There are several Linux user space under debugging tools and techniques that are used to analyze problems of user-space quite useful. They are:
'Print' statement
Query (/ proc, / sys, etc.)
Tracking (strace / ltrace)
Valgrind (memwatch)
GDB
Let us understand one by one.
1.'print 'statement
This is a fundamental primitive debugging problems. We can insert print statements in your program to understand the control flow and variable values. Although this is a simple technique, but it has some drawbacks. Programs need to be edited to add the 'print' statement, then you must recompile, re-run to obtain the output. If you are debugging a program is quite large, it is a time-consuming method.
2. Query
In some cases, we need to figure out in a running process in the kernel status and memory mapping. To obtain this information, we do not need to insert any code in the kernel. Instead, you can use the / proc filesystem.
/ Proc is a pseudo file system, a system up and running the collection of information (cpu information, memory capacity, etc.) runtime system.
As you can see, each process running on the system has a process id named entry in the / proc file system.

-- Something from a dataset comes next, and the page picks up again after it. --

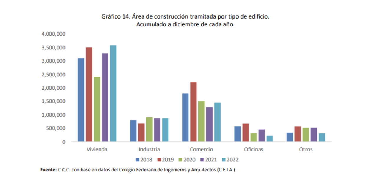 Según el informe entre enero y diciembre de 2022 se han tramitado cerca de 6,4 millones de metros cuadrados para la construcción de edificaciones. La lista está compuesta por: vivienda (unifamiliar y condominios), comercio (edificios comerciales y hoteles), industria (bodegas), oficinas (comerciales e institucionales) y otros (sitios de reunión pública, salud y edificios educacionales).
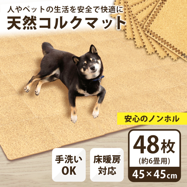 犬用 ペットマット 洗える コルクマット 大判 45cm 48枚 約6畳 ジョイントマット クッションマット 防音 床暖房対応 おしゃれ 犬 腰負担軽減に 安い

Detailed information about each process can be obtained in the process id corresponding file directory under.
All entry explains the / proc file system is beyond the scope of this article. Some useful are listed below:
/ Proc / cmdline -> kernel command line
/ Proc / cpuinfo -> brand, model and other information about the processor
/ Proc / filesystems -> file system kernel support information
/ Proc / / cmdline -> command line arguments passed to the current process
/ Proc / / mem -> memory holds the current process
/ Proc / / status -> state of the current process
3. Tracking
strace and ltrace are two procedures used to track the implementation details of the tracking tool in Linux.
strace:
strace interception and recording system calls and received signals. For users, it shows the system call is passed to their parameters and return values. strace can be attached to an already running process or a new process. It acts as a diagnostic and debugging tool for developers and system administrators are very useful. It is also used as a different program by tracking calls to understand the system tools. The advantage of this tool is that no source code, the program does not need to be recompiled.
Use strace basic syntax is:
strace command
strace has a variety of parameters. You can check to see strace man page for more details.
strace output is very long, we do not normally show interest in each row. We can filter unwanted data '-e expr' option.
With '-p pid' option to bind to a running process.
With '-o' option, the command output can be redirected to a file.
strace filter to output system calls only
ltrace:
Ltrace dynamic tracking and recording of a process (run-time) signal library calls and received. It can also track the system calls made by a process. Its usage is similar to strace.
ltrace command
'-i' Option to print the instruction pointer when calling the library.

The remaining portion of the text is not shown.